§ **Extracted data entries**
+--
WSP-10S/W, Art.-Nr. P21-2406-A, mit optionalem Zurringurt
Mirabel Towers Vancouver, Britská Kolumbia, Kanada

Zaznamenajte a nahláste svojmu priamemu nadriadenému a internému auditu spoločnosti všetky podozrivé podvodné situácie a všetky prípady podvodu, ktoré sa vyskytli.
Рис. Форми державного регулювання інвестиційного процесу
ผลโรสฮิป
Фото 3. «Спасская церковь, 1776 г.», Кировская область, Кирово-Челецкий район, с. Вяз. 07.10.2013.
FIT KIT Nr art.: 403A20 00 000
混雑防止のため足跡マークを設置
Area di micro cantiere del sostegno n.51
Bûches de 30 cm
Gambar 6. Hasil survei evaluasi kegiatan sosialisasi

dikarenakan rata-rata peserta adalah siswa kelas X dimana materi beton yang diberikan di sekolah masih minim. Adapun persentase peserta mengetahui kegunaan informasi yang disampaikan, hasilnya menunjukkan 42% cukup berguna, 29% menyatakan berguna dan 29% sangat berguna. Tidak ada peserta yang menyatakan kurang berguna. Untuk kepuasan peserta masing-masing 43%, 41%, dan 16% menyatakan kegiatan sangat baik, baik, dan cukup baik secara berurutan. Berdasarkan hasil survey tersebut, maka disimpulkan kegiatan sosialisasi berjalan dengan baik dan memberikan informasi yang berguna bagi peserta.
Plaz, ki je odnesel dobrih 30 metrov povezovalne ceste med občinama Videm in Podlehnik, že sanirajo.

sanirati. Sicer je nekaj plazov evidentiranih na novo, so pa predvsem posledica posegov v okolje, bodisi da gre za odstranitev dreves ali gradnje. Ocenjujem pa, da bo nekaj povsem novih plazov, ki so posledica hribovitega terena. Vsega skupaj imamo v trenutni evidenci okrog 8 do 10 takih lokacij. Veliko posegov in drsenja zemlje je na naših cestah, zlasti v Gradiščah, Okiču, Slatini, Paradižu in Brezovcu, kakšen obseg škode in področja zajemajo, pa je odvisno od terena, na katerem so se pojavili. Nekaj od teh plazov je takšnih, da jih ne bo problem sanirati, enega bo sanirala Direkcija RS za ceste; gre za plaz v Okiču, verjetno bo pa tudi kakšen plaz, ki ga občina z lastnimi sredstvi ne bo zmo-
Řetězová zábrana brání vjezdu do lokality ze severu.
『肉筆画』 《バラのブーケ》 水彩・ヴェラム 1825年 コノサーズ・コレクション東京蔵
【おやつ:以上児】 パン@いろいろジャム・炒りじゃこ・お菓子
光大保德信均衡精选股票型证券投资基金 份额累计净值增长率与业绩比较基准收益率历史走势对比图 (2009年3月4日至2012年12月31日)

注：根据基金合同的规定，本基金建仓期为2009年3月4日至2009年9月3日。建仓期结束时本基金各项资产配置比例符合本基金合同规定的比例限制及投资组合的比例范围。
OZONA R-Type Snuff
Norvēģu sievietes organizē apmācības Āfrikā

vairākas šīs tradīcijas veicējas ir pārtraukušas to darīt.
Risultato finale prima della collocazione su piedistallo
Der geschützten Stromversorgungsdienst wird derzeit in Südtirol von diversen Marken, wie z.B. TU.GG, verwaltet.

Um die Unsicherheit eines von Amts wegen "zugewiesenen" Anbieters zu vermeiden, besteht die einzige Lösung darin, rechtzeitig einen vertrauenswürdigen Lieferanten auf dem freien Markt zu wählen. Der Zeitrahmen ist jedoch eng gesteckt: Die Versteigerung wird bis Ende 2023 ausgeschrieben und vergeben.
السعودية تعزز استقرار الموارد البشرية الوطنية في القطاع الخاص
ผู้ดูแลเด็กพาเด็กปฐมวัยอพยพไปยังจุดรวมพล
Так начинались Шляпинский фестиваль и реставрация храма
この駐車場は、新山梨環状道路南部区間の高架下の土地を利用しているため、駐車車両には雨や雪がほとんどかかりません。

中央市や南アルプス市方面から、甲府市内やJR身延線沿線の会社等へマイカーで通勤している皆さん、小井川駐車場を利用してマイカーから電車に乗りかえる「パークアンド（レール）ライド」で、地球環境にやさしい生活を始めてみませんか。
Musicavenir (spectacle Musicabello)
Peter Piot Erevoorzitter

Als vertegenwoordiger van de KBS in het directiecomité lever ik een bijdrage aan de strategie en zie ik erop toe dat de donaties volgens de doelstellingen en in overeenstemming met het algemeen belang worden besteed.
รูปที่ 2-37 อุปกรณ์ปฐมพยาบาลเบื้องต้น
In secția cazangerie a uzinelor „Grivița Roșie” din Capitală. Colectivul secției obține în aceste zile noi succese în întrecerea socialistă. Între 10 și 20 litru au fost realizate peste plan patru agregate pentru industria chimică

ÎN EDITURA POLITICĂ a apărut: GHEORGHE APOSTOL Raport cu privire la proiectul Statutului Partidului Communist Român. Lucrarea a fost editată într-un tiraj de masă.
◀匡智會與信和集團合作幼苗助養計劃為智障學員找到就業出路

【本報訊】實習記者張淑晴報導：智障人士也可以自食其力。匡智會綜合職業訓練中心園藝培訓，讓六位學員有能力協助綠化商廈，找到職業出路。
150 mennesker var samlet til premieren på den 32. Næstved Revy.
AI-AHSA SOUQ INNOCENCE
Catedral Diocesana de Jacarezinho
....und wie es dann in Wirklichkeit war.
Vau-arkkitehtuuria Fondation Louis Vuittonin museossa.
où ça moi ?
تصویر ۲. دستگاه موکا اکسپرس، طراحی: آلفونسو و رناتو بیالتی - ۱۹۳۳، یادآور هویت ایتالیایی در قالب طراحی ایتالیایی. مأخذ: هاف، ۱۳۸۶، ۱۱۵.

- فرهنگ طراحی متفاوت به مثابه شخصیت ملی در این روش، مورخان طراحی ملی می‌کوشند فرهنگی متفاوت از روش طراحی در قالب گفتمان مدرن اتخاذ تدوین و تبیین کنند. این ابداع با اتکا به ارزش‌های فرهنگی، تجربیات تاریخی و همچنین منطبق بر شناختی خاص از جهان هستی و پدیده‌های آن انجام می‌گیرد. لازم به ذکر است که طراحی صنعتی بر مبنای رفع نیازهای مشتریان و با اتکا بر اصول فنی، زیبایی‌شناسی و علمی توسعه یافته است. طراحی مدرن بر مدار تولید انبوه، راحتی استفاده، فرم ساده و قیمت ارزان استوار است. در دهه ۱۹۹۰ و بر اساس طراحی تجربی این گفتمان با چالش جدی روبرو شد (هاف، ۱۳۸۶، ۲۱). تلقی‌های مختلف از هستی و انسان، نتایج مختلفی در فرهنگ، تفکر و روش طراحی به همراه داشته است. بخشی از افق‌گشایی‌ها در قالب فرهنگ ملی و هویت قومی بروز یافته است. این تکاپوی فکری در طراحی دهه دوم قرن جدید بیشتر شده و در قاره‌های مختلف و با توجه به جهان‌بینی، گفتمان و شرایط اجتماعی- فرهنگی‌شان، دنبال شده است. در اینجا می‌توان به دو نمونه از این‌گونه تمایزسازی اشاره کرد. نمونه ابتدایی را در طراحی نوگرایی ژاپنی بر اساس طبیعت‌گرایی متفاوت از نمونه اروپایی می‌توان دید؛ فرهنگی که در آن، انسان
+--
§ **What to do**
Return only the lines above that run from the opening line through the line containing "Gambar 6. Hasil", exactly as written.

§ **Result for this exercise**
WSP-10S/W, Art.-Nr. P21-2406-A, mit optionalem Zurringurt
Mirabel Towers Vancouver, Britská Kolumbia, Kanada

Zaznamenajte a nahláste svojmu priamemu nadriadenému a internému auditu spoločnosti všetky podozrivé podvodné situácie a všetky prípady podvodu, ktoré sa vyskytli.
Рис. Форми державного регулювання інвестиційного процесу
ผลโรสฮิป
Фото 3. «Спасская церковь, 1776 г.», Кировская область, Кирово-Челецкий район, с. Вяз. 07.10.2013.
FIT KIT Nr art.: 403A20 00 000
混雑防止のため足跡マークを設置
Area di micro cantiere del sostegno n.51
Bûches de 30 cm
Gambar 6. Hasil survei evaluasi kegiatan sosialisasi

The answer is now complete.